St³ — the Stealing Static Stack

A very fast lock-free, bounded, work-stealing queue with stack-like (LIFO) semantic for the worker thread and FIFO stealing.

Overview

The Go scheduler and the [Tokio] runtime are examples of high-performance schedulers that rely on fixed-capacity (bounded) work-stealing queues to avoid the allocation and synchronization overhead associated with unbounded queues such as the Chase-Lev work-stealing deque (used in particular by [Crossbeam Deque]). This is a natural design choice for schedulers that use a global injector queue as the latter often can, at nearly no extra cost, buffer the overflow should a local queue becomes full.
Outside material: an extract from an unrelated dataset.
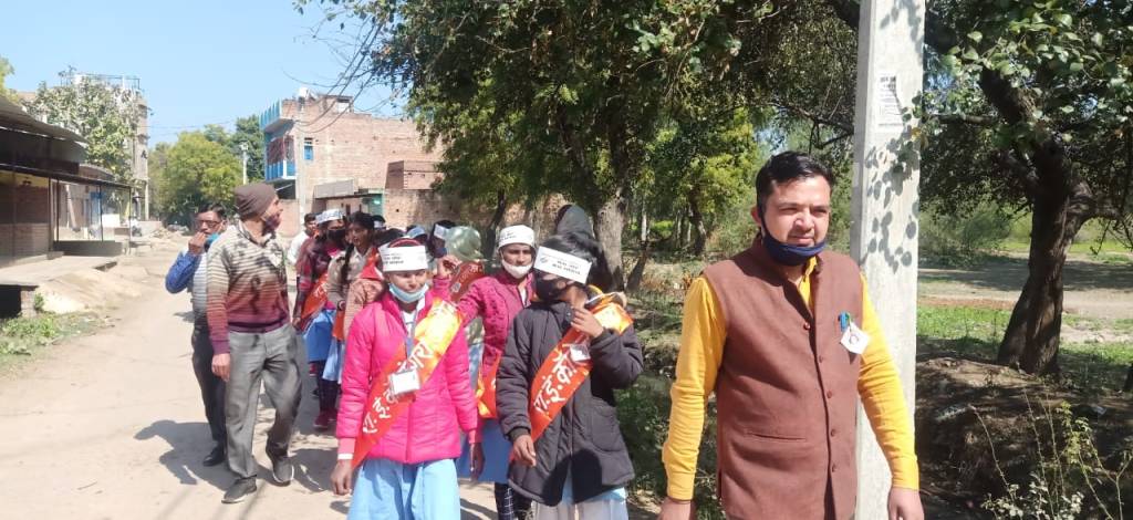 माधौगढ़-उरई | राष्ट्र उत्थान में साधक स्वीप कार्यक्रम के अंतर्गत शत- प्रतिशत मतदान के उद्देश्य को लेकर जिलाधिकारी जालौन प्रियंका निरंजन एवं जिला विद्यालय निरीक्षक भगवत पटेल के निर्देशन में माधौगढ़ विधानसभा के राजकीय इंटर कॉलेज बंगरा ने अपनी महती भूमिका पुनः स्पष्ट की। विद्यालय के प्रधानाचार्य व माधौगढ़ तहसील के नोडल प्रभारी जयदेव नगायच के नेतृत्व में विद्यालय के अध्यापकों एवं विद्यार्थियों ने टोली बनाकर गांव-गांव में मतदाताओं को जागरूक करने का अभियान चलाया। इस क्रम में बंगरा में विद्यार्थियों ने टोली बनाकर प्रत्येक मतदाता को मत के महत्व को समझाते हुए अनुरोध किया कि आगामी 20 फरवरी को अवश्य वोट डालना है। विद्यार्थियों ने समझाया कि मतदाता के मतदान की चूक पूरे प्रदेश व देश को प्रभावित करती है। इसलिए सोच समझकर बिना किसी प्रलोभन और भय के अपने मताधिकार का प्रयोग करें । प्रधानाचार्य जयदेव नगायच ने स्थानों स्थानों पर मतदाताओं को एकत्र कर लोकतंत्र के पर्व 20 फरवरी को मतदान कर अपनी भागीदारी सुनिश्चित करने की अपील की ।

The Go and Tokio schedulers use FIFO local queues to ensure fairness. For schedulers that do not require fairness, however, LIFO queues can provide better performance since dequeued tasks are more likely to have their associated data still available in the CPU cache[^1]. Moreover, contention between workers and stealers is reduced since items are popped and stolen from opposite ends.

For such use-cases, St³ constitutes a faster, fixed-size alternative to the Chase-Lev deque with even slightly better performance than the Tokio work-stealing queue.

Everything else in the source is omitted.